The last person Gov. Tim Pawlenty may want to see rising to speak these days is Tom Stinson, a slightly hunched-over figure with a monotone delivery who, nonetheless, is much in demand.
For two decades Stinson has been the state's economist, delivering good news when times were fat and bad news that once led Gov. Rudy Perpich to claim he could do a better job because Stinson was too pessimistic.
In an office piled high with economic charts and devoid of a single picture, Stinson these days is delivering an even more unpleasant dose of news that once again puts him at odds with the state's top elected official.

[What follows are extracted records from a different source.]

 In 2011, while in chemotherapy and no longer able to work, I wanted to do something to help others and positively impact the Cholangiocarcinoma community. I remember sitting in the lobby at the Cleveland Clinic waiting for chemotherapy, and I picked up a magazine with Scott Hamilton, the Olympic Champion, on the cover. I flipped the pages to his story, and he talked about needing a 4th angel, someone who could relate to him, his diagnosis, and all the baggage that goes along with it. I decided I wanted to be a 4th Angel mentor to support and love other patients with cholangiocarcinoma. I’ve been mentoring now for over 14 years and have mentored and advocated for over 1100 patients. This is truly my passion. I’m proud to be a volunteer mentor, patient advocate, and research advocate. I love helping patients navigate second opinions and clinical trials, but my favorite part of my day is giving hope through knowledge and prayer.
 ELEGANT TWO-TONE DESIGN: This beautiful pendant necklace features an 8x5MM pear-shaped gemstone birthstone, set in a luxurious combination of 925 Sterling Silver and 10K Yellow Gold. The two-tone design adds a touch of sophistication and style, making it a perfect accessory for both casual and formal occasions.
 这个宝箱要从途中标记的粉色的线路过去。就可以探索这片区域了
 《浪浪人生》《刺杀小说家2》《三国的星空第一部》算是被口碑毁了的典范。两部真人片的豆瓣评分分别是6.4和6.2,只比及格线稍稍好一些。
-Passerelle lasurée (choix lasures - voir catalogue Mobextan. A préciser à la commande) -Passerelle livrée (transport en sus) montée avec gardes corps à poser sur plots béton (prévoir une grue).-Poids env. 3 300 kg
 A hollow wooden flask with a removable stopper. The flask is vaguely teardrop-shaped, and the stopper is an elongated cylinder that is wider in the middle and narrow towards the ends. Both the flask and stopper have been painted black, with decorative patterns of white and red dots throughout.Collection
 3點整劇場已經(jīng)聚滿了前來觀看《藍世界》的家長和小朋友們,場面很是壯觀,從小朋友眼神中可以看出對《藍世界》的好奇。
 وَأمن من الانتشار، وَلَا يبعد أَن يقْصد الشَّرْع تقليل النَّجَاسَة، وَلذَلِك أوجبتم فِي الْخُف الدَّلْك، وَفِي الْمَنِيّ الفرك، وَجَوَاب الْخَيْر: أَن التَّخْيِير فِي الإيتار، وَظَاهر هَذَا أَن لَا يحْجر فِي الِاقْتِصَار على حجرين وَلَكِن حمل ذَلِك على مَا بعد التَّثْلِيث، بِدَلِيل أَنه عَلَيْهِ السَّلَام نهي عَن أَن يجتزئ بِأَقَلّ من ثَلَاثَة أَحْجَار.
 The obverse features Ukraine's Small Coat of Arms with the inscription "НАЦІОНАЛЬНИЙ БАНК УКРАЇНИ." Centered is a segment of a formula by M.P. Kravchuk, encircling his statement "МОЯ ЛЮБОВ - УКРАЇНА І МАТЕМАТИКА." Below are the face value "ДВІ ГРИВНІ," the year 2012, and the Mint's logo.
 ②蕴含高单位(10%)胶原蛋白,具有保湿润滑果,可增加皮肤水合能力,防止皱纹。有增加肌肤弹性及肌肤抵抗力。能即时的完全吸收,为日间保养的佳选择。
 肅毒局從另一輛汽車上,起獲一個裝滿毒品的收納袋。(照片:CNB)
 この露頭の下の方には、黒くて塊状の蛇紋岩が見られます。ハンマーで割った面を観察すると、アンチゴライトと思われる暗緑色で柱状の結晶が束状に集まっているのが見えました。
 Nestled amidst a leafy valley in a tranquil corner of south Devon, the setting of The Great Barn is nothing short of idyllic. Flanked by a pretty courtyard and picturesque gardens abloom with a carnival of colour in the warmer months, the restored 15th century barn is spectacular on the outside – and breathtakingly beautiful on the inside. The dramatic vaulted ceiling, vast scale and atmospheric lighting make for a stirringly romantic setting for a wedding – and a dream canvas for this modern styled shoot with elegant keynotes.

Minnesota faces a never-before-seen "structural budget deficit" that reaches far into the future, Stinson warns -- a phenomenon wrought by an aging workforce and slowing revenue growth that will hamper the state's ability to provide the services taxpayers have come to expect. There are no short-term answers, he said, and no single approach, such as tax increases or spending cuts, will by itself solve the problem.
That ominous message sets Stinson, a contract employee who earns $101,271, squarely against Pawlenty, who rapidly is becoming a national figure largely on the strength of his no-taxes, leaner-government philosophy.
Stinson will spend the next two days putting the finishing touches on one of the most grueling tasks he faces: compiling the semi-annual economic forecasts that project expenses and revenues two years out.
But even before the forecast's Wednesday release, economic and political experts ranging from former Republican Gov. Al Quie to Edward Foster, an economics professor who helped form the state's Council of Economic Advisors, already are nodding in agreement with Stinson's view that the state's troubles go well beyond the current recession.